Perhaps, we also need to know the amount of time each child spends on the seesaw. It could be that the seesaw isn’t really that popular, but the children who engage in the activity stay for a long time. Maybe we should keep track of how much time children spend on the activity? And, perhaps also keep track of how many children stand in line (and apparently give up waiting and leave!) As you can see, determining what data to collect is important. Let’s say that ultimately, we decide to collect data on how many children use the seesaw, how long they use it, and how many want to use it but can’t. This will better answer this question than just the number of children seesawing.
Test the hypothesis
So, is the seesaw such a popular activity that many children don’t get to play on it? In order to test this hypothesis, we need to organize our data. We create a bar graph that lists the names of the children who seesawed on the x-axis (the horizontal line at the bottom). We then mark minutes (up to 20!) on the y-axis (the vertical line). Then we draw a bar for each child which representing how long they stayed on the seesaw. On further consideration, we also add the names of the two children who stood in line and didn’t get a turn to play. There isn’t a bar for either of them because they didn’t use the seesaw for any amount of time.
Analyze the data
So, what does the graph show? Does it confirm the hypothesis? Well, it appears that only six children either used or waited to use the seesaw. Of those children, four had really long turns, and two had no turns. With this data, it appears that the seesaw isn’t really that popular (as measured by children using or waiting to use it). But it appears that the turns are really long. However, can we really be sure that the seesaw isn’t popular? What if other children gave up long ago on getting turns and don’t bother to stand in line anymore?

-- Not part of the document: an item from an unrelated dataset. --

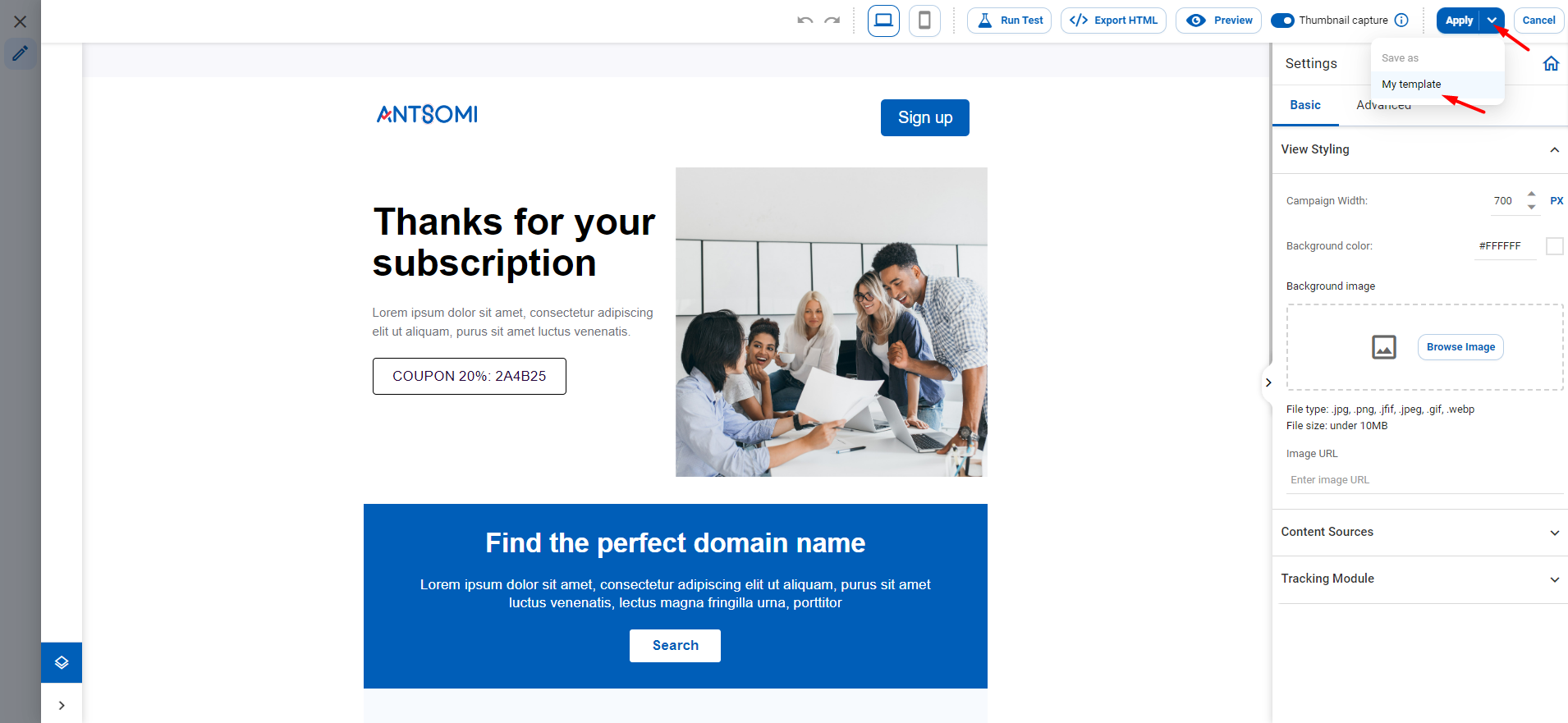 3\.    Click on the arrow next to Apply button, and choose My Template to save.

Sometimes analysis presents the need for more data collection
So we now have a new question: if children now know that they might eventually get a turn, will the seesaw become more popular (as measured by children using and trying to use it)? We establish a time-limit for turns at five minutes and collect another set of data. In the end, we finally determine that seesawing isn’t really popular, but there are a few children who really love to seesaw for a long time!